Stalzer, the Most Valuable Player of the recent Philippine Superliga Grand Prix, is being bothered by back spasms the past five days that prompted Foton Pilipinas head coach Fabio Menta to sit her out in a bid to get her healthy for the all-important quarterfinal battle against either Altay VC of Kazakhstan or NEC Red Rockets of Japan on Tuesday.

Filling the huge void in her absence was her fellow import Ariel Usher, Jovelyn Gonzaga and Jaja Santiago, who wreaked havoc in the middle in the second and third sets.

Usher delivered 15 kills, had three aces and two blocks for a total of 20 points while Gonzaga had 13 kills and three blocks for 16 points. Santiago had 13 hits after a sluggish start that saw Menta experimenting with his roster in the opening set.

“I take responsibility in the loss in the first set. I experimented a little and we paid a heavy price for it,” said Menta, who moved Gonzaga to the open spiker position and Usher and Maika Ortiz to the opposite position to somehow obstruct the attacks of the Vietnamese.

“We got soft in the fourth set. Vietnam was the more disciplined team (in the fourth set). Down 2-1, they only had one choice, which is to play hard. We knew they were coming back hard.
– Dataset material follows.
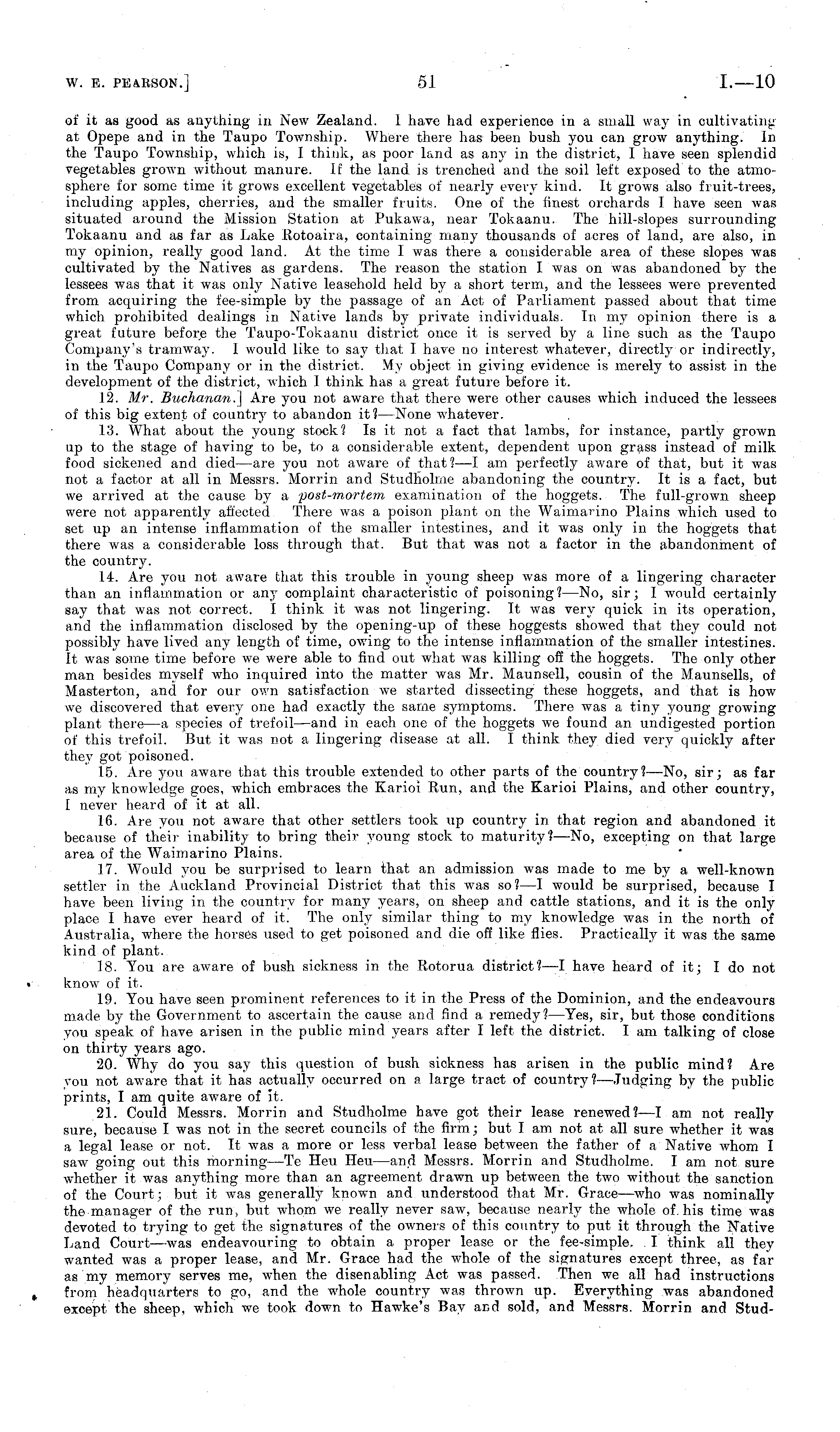 of it as good as anything in New Zealand. 1 have had experience in a small way in cultivating at Opepe and in the Taupo Township. Where there has been bush you can grow anything. In the Taupo Township, which is, I think, as poor land as any in the district, I have seen splendid vegetables grown without manure. If the land is trenched and the soil left exposed to the atmosphere for some time it grows excellent vegetables of nearly every kind. It grows also fruit-trees, including apples, cherries, and the smaller fruits. One of the finest orchards I have seen was situated around the Mission Station at Pukawa, near Tokaanu. The hill-slopes surrounding Tokaanu and as far as Lake Rotoaira, containing many thousands of acres of land, are also, in my opinion, really good land. At the time I was there a considerable area of these slopes was cultivated by the Natives as gardens. The reason the station I was on was abandoned by the lessees was that it was only Native leasehold held by a short term, and the lessees were prevented from acquiring the fee-simple by the passage of an Act of Parliament passed about that time which prohibited dealings in Native lands by private individuals. In my opinion there is a great future before the Taupo-Tokaanu district once it is served by a line such as the Taupo Company's tramway. I would like to say that I have no interest whatever, directly or indirectly, in the Taupo Company or in the district. My object in giving evidence is merely to assist in the development of the district, which I think has a great future before it. 12. Mr. Buchanan.] Are you not aware that there were other causes which induced the lessees of this big extent of country to abandon it? —None whatever. 13. What about the young stock? Is it not a fact that lambs, for instance, partly grown up to the stage of having to be, to a considerable extent, dependent upon grass instead of milk food sickened and died—are you not aware of that ?—I am perfectly aware of that, but it was not a factor at all in Messrs. Morrin and Studholme abandoning the country. It is a fact, but we arrived at the cause by a post-mortem examination of the hoggets. The full-grown sheep were not apparently affected There was a poison plant on the Waimarino Plains which used to set up an intense inflammation of the smaller intestines, and it was only in the hoggets that there was a considerable loss through that. But that was not a factor in the abandonment of the country. 14. Are you not aware that this trouble in young sheep was more of a lingering character than an inflammation or any complaint characteristic of poisoning? —No, sir; I would certainly say that was not correct. I think it was not lingering. It was very quick in its operation, and the inflammation disclosed by the opening-up of these hoggests showed that they could not possibly have lived any length of time, owing to the intense inflammation of the smaller intestines. It was some time before we were able to find out what was killing off the hoggets. The only other man besides myself who inquired into the matter was Mr. Maunsell, cousin of the Maunsells, of Masterton, and for our own satisfaction we started dissecting these hoggets, and that is how we discovered that every one had exactly the same symptoms. There was a tiny young growing plant there—a species of trefoil —and in each one of the hoggets we found an undigested portion of this trefoil. But it was not a lingering disease at all. I think they died very quickly after they got poisoned. 15. Are you aware that this trouble extended to other parts of the country?—No, sir; as far as my knowledge goes, which embraces the Karioi Run, and the Karioi Plains, and other country, I never heard of it at all. 16. Are you not aware that other settlers took up country in that region and abandoned it because of their inability to bring their young stock to maturity?—No, excepting on that large area of the Waimarino Plains. 17. Would you be surprised to learn that an admission was made to me by a well-known settler in the Auckland Provincial District that this was so? —I would be surprised, because I have been living in the country for many years, on sheep and cattle stations, and it is the only place I have ever heard of it. The only similar thing to my knowledge was in the north of Australia, where the horses used to get poisoned and die off like flies. Practically it was the same kind of plant. 18. You are aware of bush sickness in the Rotorua district?—l have heard of it; I do not know of it. 19. You have seen prominent references to it in the Press of the Dominion, and the endeavours made by the Government to ascertain the cause and find a remedy? —Yes, sir, but those conditions you speak of have arisen in the public mind years after I left the district. lam talking of close on thirty years ago. 20. Why do you say this question of bush sickness has arisen in the public mind? Are you not aware that it has actually occurred on a large tract of country?—Judging by the public prints, I am quite aware of it. 21. Could Messrs. Morrin and Studholme have got their lease renewed?—l am not really sure, because I was not in the secret councils of the firm; but I am not at all sure whether it was a legal lease or not. It was a more or less verbal lease between the father of a Native whom I saw going out this morning—Te Heu Heu —and Messrs. Morrin and Studholme. I am not sure whether it was anything more than an agreement drawn up between the two without the sanction of the Court; but it was generally known and understood that Mr. Grace—who was nominally the manager of the run, but whom we really never saw, because nearly the whole of. his time was devoted to trying to get the signatures of the owners of this country to put it through the Native Land Courts—was endeavouring to obtain a proper lease or the fee-simple. . I think all they wanted was a proper lease, and Mr. Grace had the whol

We gave them a chance but we slowly collapsed.”

With the Tornadoes one set away from pulling off an upset, the Vietnamese tightened up their defense while skipper Minh Do Thi uncorked powerful smashes from the open position.

Minh, the national team player who finished with 22 kills, five blocks and a pair of aces, took charge in the fourth as the Vietnamese surged ahead, 16-7, entering the second technical timeout.

It was all-Vietnam from there as its blocking and floor defense were too tight, too solid to penetrate.

“My team handled the pressure well,” said Vietnam coach Pham Van Long, whose wards tallied more blocks, 15-9, and more attacks, 58-53, that the home squad.